§ **WHAT IS NEEDED**:
Verbatim copy, images removed: write out the entries below.
*** DATA UNDER STUDY
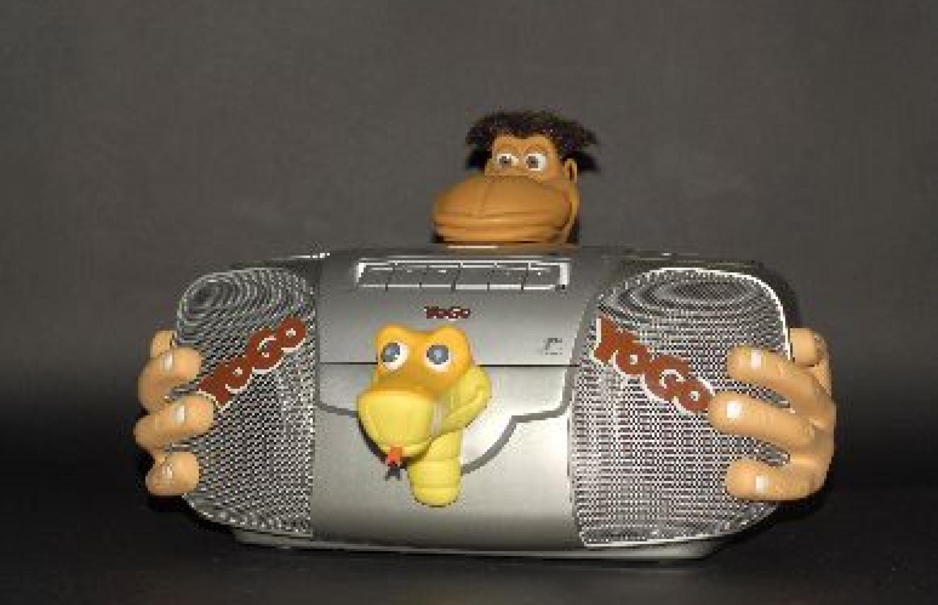 Ans Dschungelbuch angelehnte Figurenköpfe (Schlange, Affe) auf den Deckklappen.
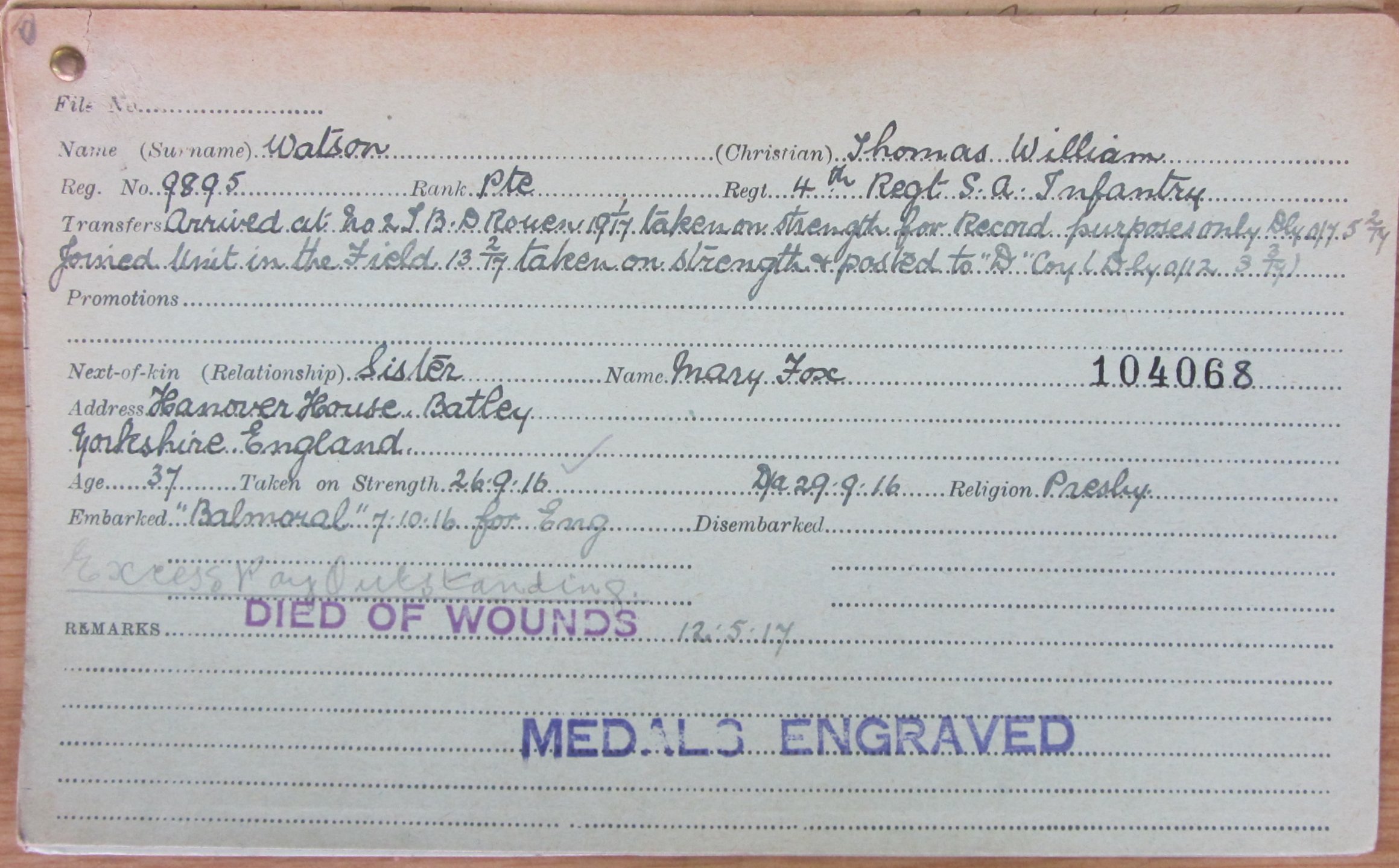 Brother of Mary Fox, of Hanover House, Batley, Yorkshire, England
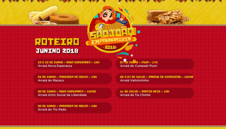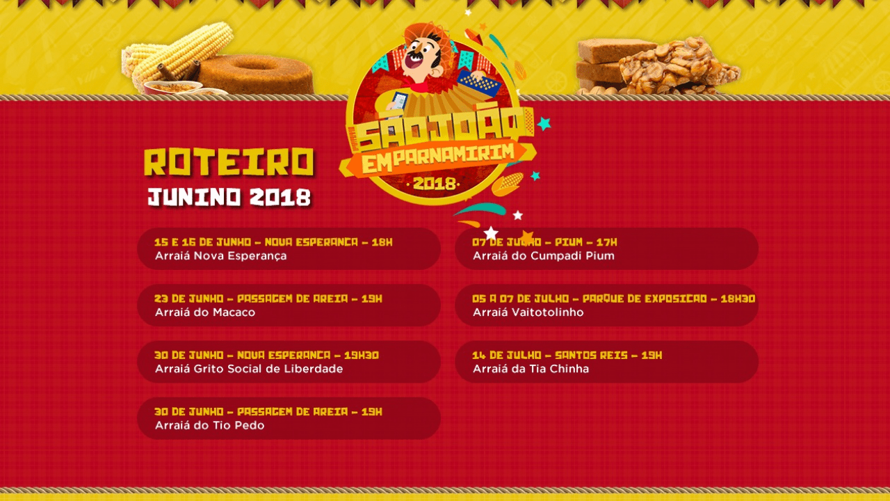 Os festejos começam nesta sexta-feira (15), às 18h com o Arraiá Nova Esperança e segue até o dia 14 de julho, com o Arraiá da Tia Chinha, também em Nova Esperança.
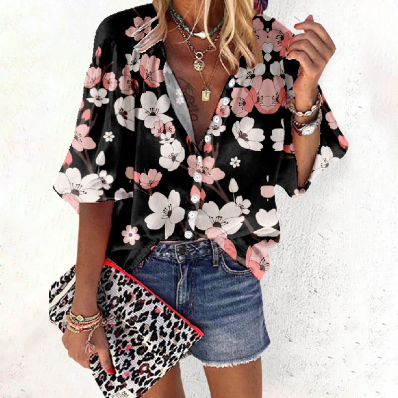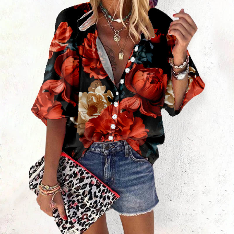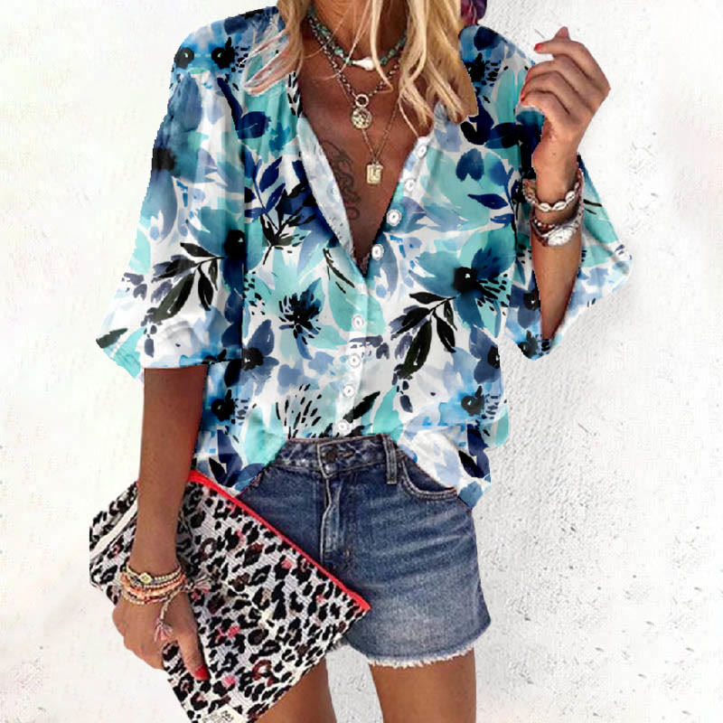 Dashingsoul Women's Romantic Colorful Floral Holiday Print Casual 3/4 Sleeve Blouse
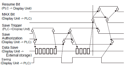 After all the specified files have been saved (the MAX bit is turned ON), no more files can be saved. When the resume bit is turned ON, the oldest file is deleted and a new file is saved.
******
§ **EXERCISE OUTPUT**:
 Ans Dschungelbuch angelehnte Figurenköpfe (Schlange, Affe) auf den Deckklappen.
 Brother of Mary Fox, of Hanover House, Batley, Yorkshire, England
 Os festejos começam nesta sexta-feira (15), às 18h com o Arraiá Nova Esperança e segue até o dia 14 de julho, com o Arraiá da Tia Chinha, também em Nova Esperança.
 Dashingsoul Women's Romantic Colorful Floral Holiday Print Casual 3/4 Sleeve Blouse
 After all the specified files have been saved (the MAX bit is turned ON), no more files can be saved. When the resume bit is turned ON, the oldest file is deleted and a new file is saved.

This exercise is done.